How to Keep Your Data Private in the Cloud with Tahoe-LAFS

Updated by Linode Contributed by Alexandru Andrei

Contribute on GitHub

View Project | View File | Edit File

This is a Linode Community guide. If you’re an expert on something for which we need a guide, you too can get paid to write for us.


What is Tahoe-LAFS?

While Tahoe-LAFS might resemble other decentralized or distributed file system, like Gluster, Ceph or others, the problems it solves are different.

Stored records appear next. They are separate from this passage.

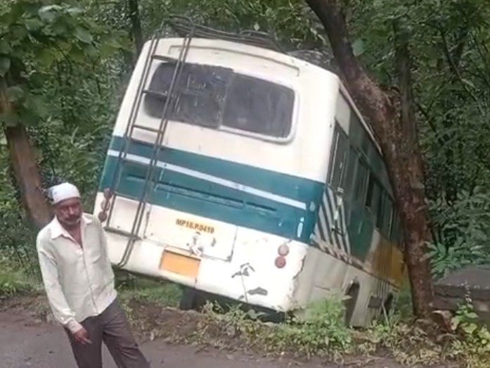 पन्ना-छतरपुर मार्ग पर नेशनल हाइवे-39 की भैरव टेक घाटी में शनिवार 27 सितंबर को सुबह एक यात्री बस खाई में गिर गई। बस की स्टेयरिंग फेल होने से यह हादसा हुआ। गनीमत रही कि बस एक पेड़ से टकराकर रुक गई, जिससे बड़ा हादसा टल गया और यात्रियों की जान बच गई।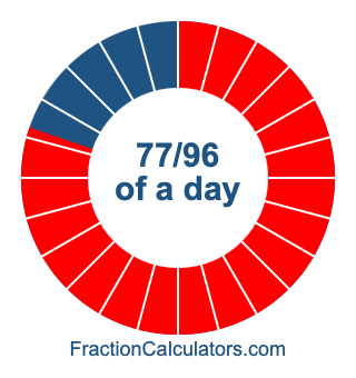 Here we will show you how to calculate exactly how many hours, minutes, and seconds there are in 77/96 of a day. We will also illustrate what 77/96 of a day looks like on a pie chart.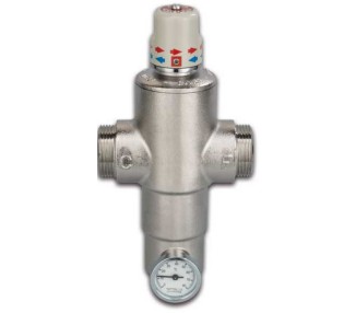 Uporaba: Za naprave s sončnimi kolektorji, pečmi in toplotnimi črpalkami. Za distribucijske naprave tople vode za sanitarne namene, prhe, umivalnike itd. Za manjše naprave talnega ogrevanja. 1. Mešalna naprava z nastavitvijo temperature in zaustavitvijo dovoda vode po standardu EN 1111. 2. Ohranja konstantno temperaturo mešane vode v vseh vodovodnih sistemih. 3. Izvlečna kartuša in...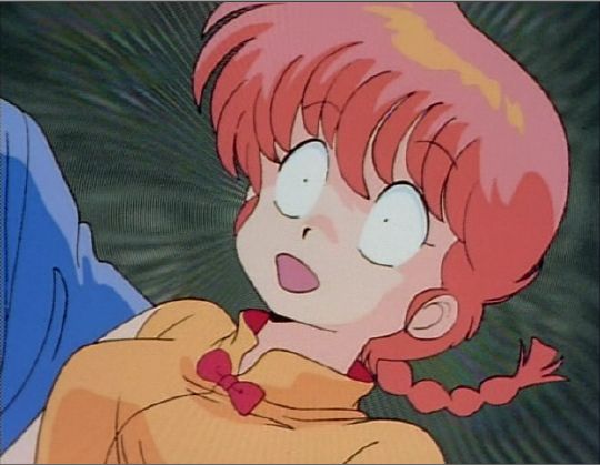 Ranma-chan reacts to being kissed by Mikado Sanzenin, the male half of the Golden Pair ice skating team. Of course, the reason for the shocked look is that this is Ranma's first kiss.
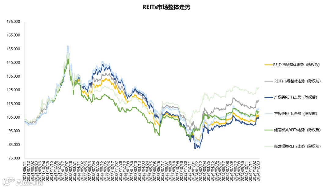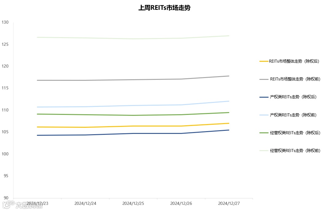 2024年12月23日至2024年12月27日,REITs市场整体平稳,走势情况如下图所示: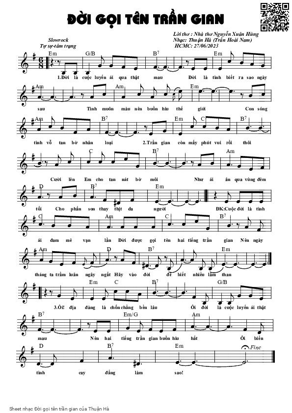 Thuận Hà Đời là cuộc luyến ái qua thật mau Đời là tình biết ra sao ngày sau [PDF] [Sheet] [Lyrics] [Mp4/Midi]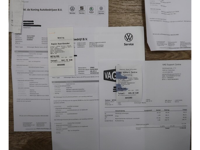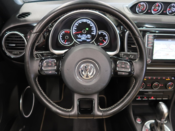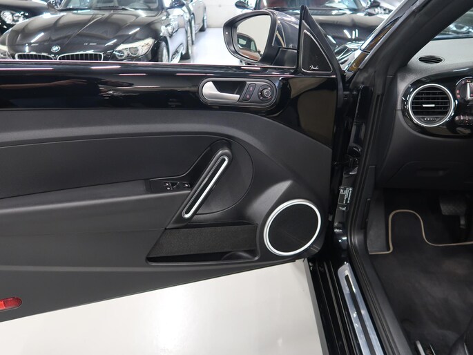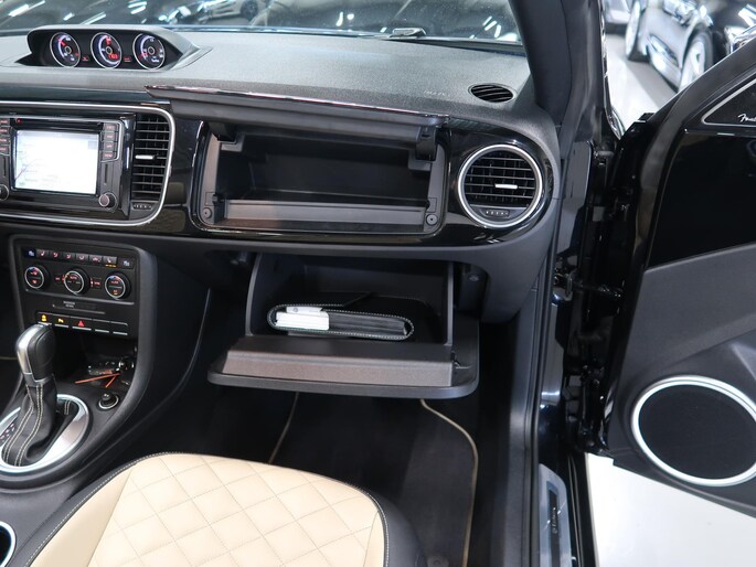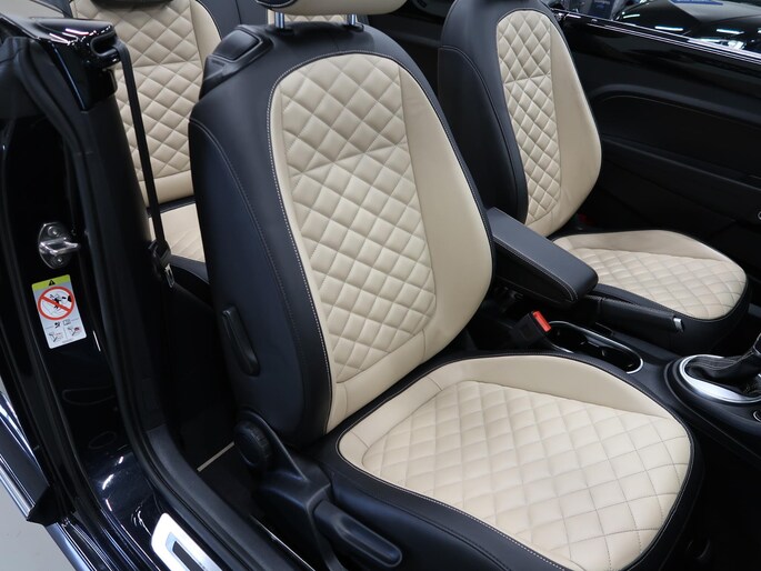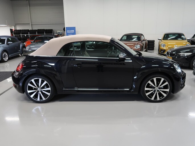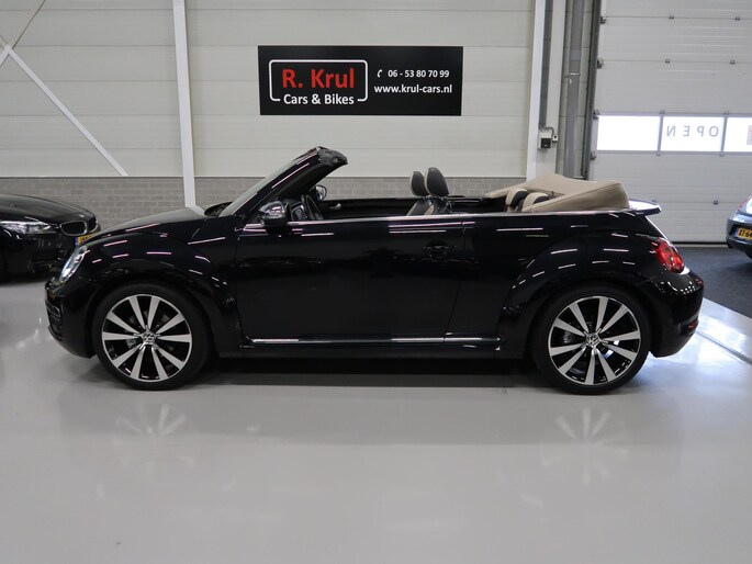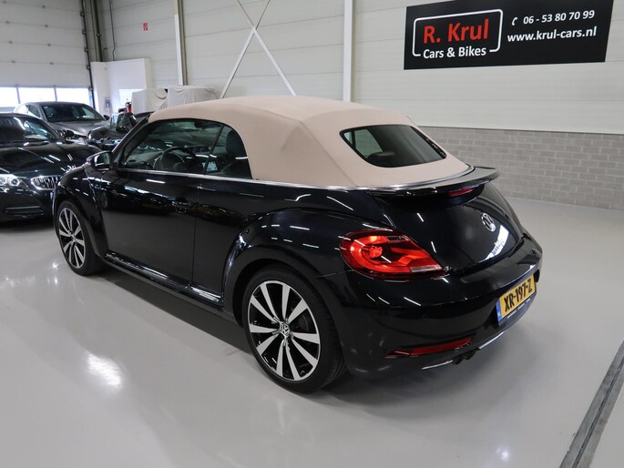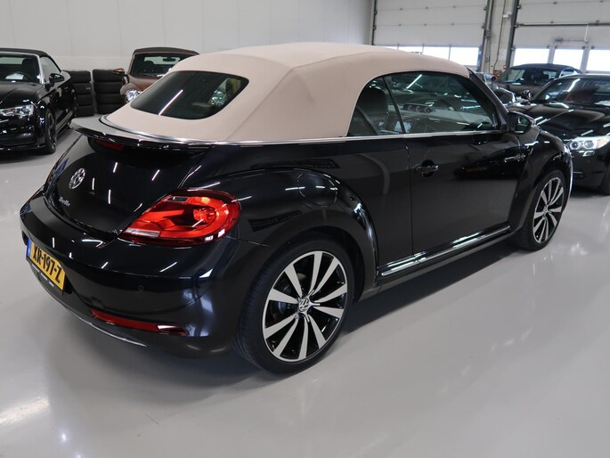 Zeer compleet uitgevoerde Vw Beetle cabrio 1.4 TSI DSG Automaat uit 2018 met 93.804 km. Volledig Vw dealer onderhouden, facturen en onderhoudslijsten zijn aanwezig. Recent onderhoud gehad met compleet nieuwe remmen voor en achter. Zwart metallic met elektrische beige kap, door ons fris geïmpregneerd, zwart interieur met beige accenten, Bentley leder met diamondstitch (ruitjes), 19 inch sportvelgen af fabriek in zeer nette staat, afdekhoes (tonneau cover) voor de cabrioletkap bij geopende toestand, origineel windscherm, achteruitrijcamera en parkeersensoren voor en achter, extra klokjes (meters) op het dashboard, Fender geluidssysteem met verlichte speakerringen, comfortstoelen met stoelverwarming, isofix, klimaatgeregelde airco links/rechts instelbaar, mistlampen voor, app connect, navigatie Discover Media met de laatste kaartupdate, voice control, multifunctioneel stuurwiel, cruise control, bluetooth voor telefoon en muziek, 4 elektrische ramen, elektrische buitenspiegels verwarmbaar en inklapbaar. Kijk voor alle 92 foto's op onze website. We hebben doorlopend meer dan 30 cabrio's op voorraad waarvan 15 Beetles.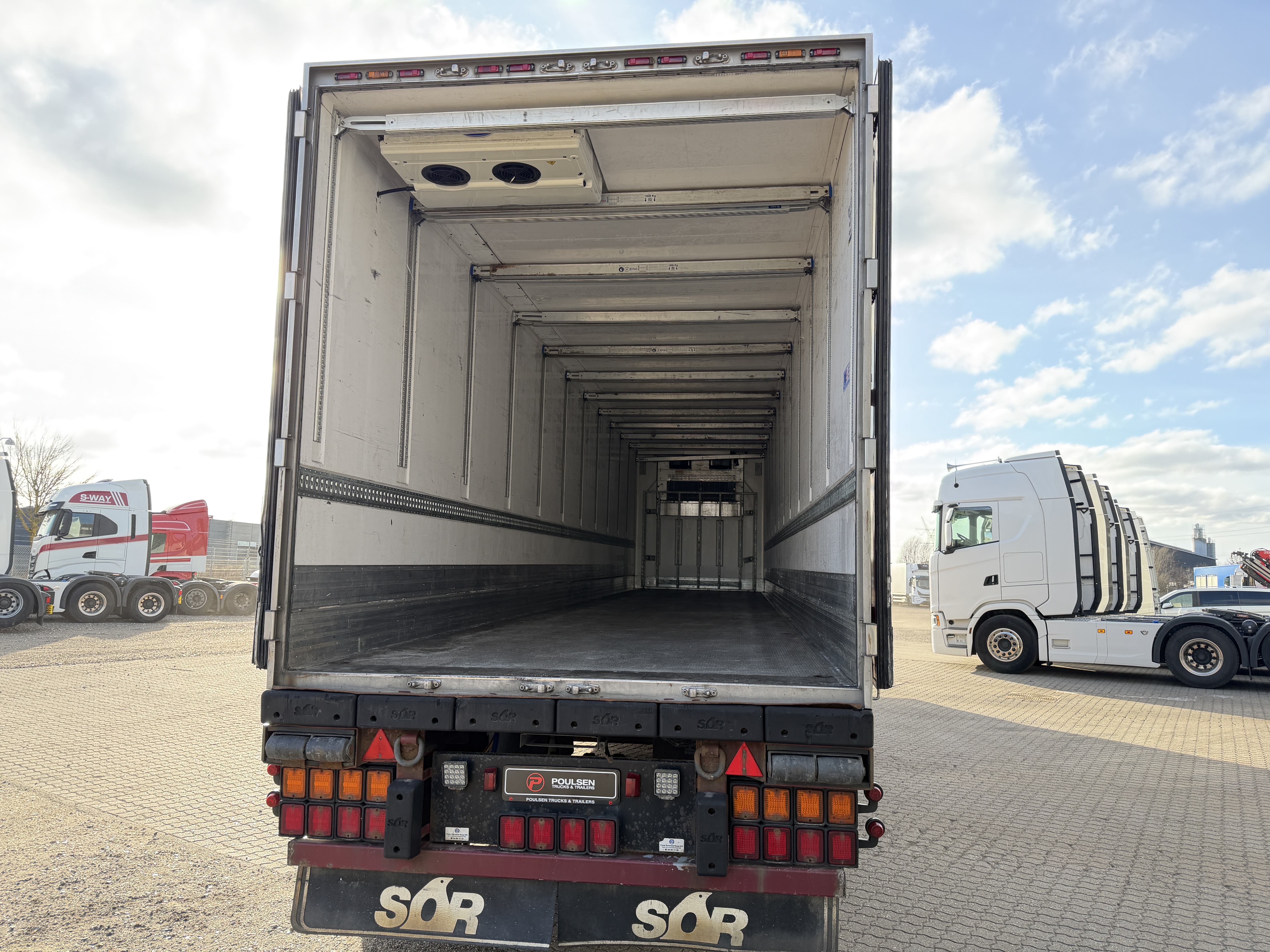 Denne SOR 3-aks køletrailer er en solid løsning til temperaturstyret transport og er udstyret med både 2‑temp kølemaskine og doublestock-system. Traileren har en stor dieseltank med pumpe og tankpistol, og tanken er opmålt til ca. 650 liter.

The Least Authority File Store (LAFS) is designed with these things in mind:

  1. Confidentiality: Keeping your data private, even if you store it on outside servers. When you keep sensitive data in the cloud, some inherent risks exist. For example:

    • If the server is hacked, your data could be stolen.
    • An user with read access might accidentally leak data or purposely steal it for their own gain.

    By encrypting data before it reaches your storage servers, these risks are reduced.

  2. Data integrity: If the encrypted data is compromised, the software detects the change, and in some cases, may still restore the original.

  3. Redundancy: Tahoe-LAFS distributes your data in a redundant fashion.

    By default, it uses a 3-of-10 configuration. This means that when you upload a file, it is split into ten shares and distributed randomly between your available storage nodes. To reconstruct the file, you need to get three of those shares back. If you have ten servers and a few fail, you can still retrieve your data. In a uniform distribution of shares, you would need only three servers. Since distribution is random the number required differs. One server can hold zero, one, two, or more shares, depending on the random number generated (it does however tend to favor a near uniform distribution).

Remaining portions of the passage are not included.